In its decision in In re Davis Joinery Ltd [2013] IEHC 353, the High Court identified the difficulties that employees of corporate employers may face when their employer ceases trading without taking any steps to formally wind-up the company.

In the application before the Court, the petitioner, a former employee of Davis Joinery Ltd, sought to have that company wound-up on the ground that it was unable to pay its debts.  The company had failed to pay the petitioner the sum of €53,080 due to him on foot of a finding by the Employment Appeals Tribunal that he had been unfairly dismissed.  The company claimed that it was not in a position to pay the sum due and that it had ceased trading due to financial difficulties.  No steps were taken to wind-up the company voluntarily.

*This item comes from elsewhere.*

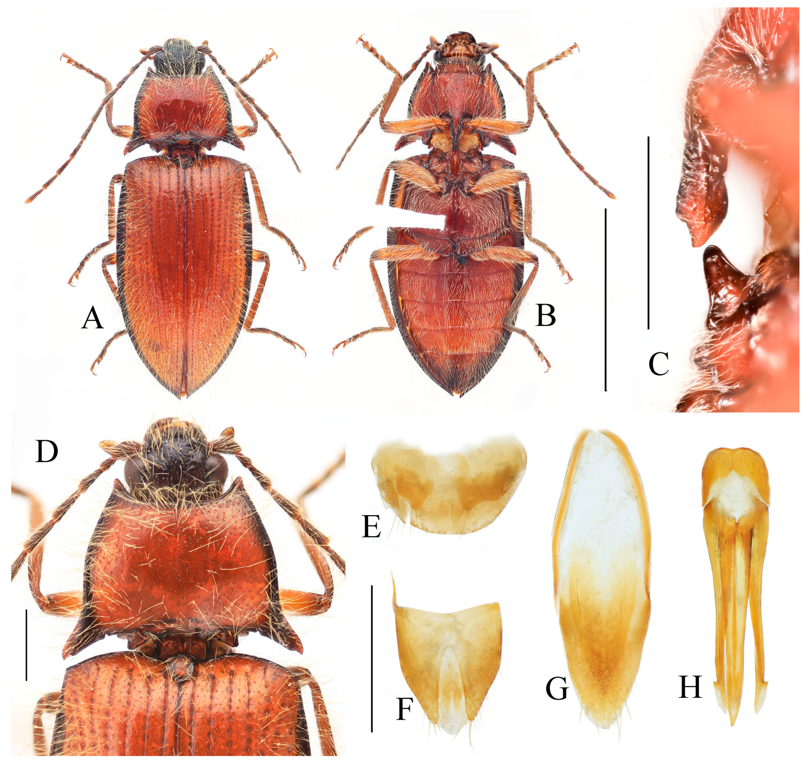 Parapenia zhengi sp. nov., male, holotype from Xizang, Zayü. (A) Habitus, dorsal view; (B) same, ventral view; (C) prosternal process, lateral view; (D) head and pronotum, dorsal view; (E) sternite VIII and tergite VIII, ventral view; (F) tergites IX–X, dorsal view; (G) sternite IX, dorsal view; (H) aedeagus, ventral view. Scale bars 5 mm for (A,B); 1 mm for (C–H).

The petitioner’s problem was that without a winding-up order being made in respect of the company, he would have no recourse to the Employer’s Insolvency Fund, a Government scheme which provides for the payment of certain employee entitlements in the event of the insolvency of an employer.  

The Employer’s Insolvency Directive (2008/94/EC) provides a minimum level of protection throughout the EU for employees affected by their employer’s insolvency.  It was transposed into Irish law by the Protection of Employees (Employer’s Insolvency) Act 1984, as amended.  For the purposes of the Irish legislation, a corporate employer is taken to be insolvent only “if a winding up order is made, or a resolution for winding up is passed…”.  This definition of ‘insolvency’ excludes informal insolvencies where a company simply ceases trading without being officially wound-up.  The effect of this is that employees of companies in informal insolvency may be deprived of access to the Employer’s Insolvency Fund.

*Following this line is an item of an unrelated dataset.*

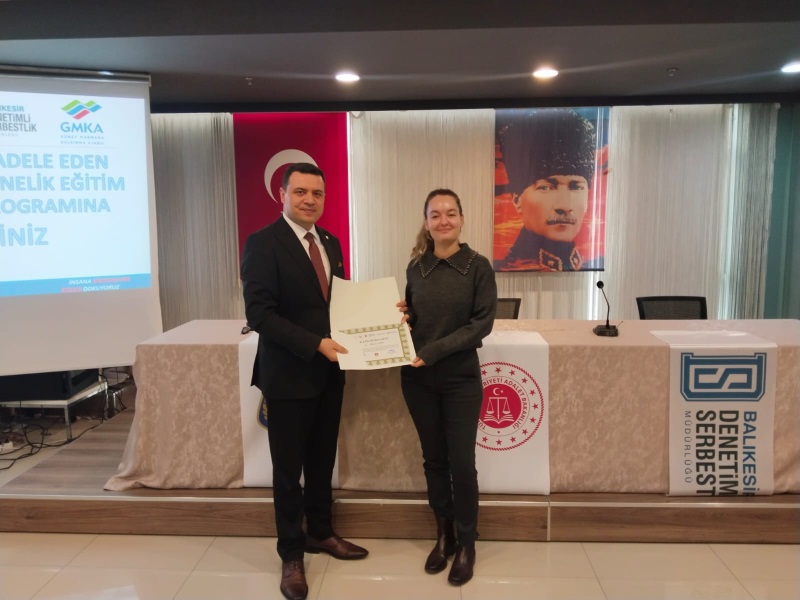 Müdürlüğümüz tarafından hazırlanan ve Güney Marmara Kalkınma Ajansı tarafından kabul edilen ‘Bağımlılıkla Mücadele Eden Profesyonellere Yönelik Eğitim Programı’nın kapanışı Balıkesir Cumhuriyet Başsavcısı Abdulkadir AKIN, Balıkesir Cumhuriyet Başsavcı Vekili Mehmet Emin Şen, Balıkesir Cumhuriyet Savcısı Erhan EROĞLU, Denetimli Serbestlik Müdürü Tuncay BAKIR'ın katılımlarıyla 24 Ekim 2025 tarihinde gerçekleşti.

The Directive, however, recognises that a state of insolvency can arise without the need for a liquidator to be appointed.  It has, therefore, been suggested that the Irish legislation was improperly transposed into Irish law. 

Laffoy J noted that the only manner in which the Court could be of assistance to the petitioner in this case was by making a winding-up order or, alternatively, appointing a provisional liquidator and then making a winding-up order.  Following an adjournment, the petitioner confirmed to the Court that the proposed provisional liquidator had consented to act as official liquidator.  Accordingly, the Court made an order for the winding-up of the company and the appointment of an official liquidator for the purposes of the winding-up.

While this provided a satisfactory remedy for the petitioner in this case, the judge expressed concern for “less fortunate employees” of corporate employers in informal insolvency who are unable to find a liquidator who is willing to act, given that such appointment necessarily involves the incurring of expenditure which the liquidator may not be able to recover.  The judge commented that “unless the issue is successfully litigated by an adversely affected employee… the obvious unfairness inherent in the Act… will only be redressed by legislative change”.

On the basis of her experience in dealing with winding-up petitions, the judge predicted that this is a problem which is likely to affect many employees in the near future.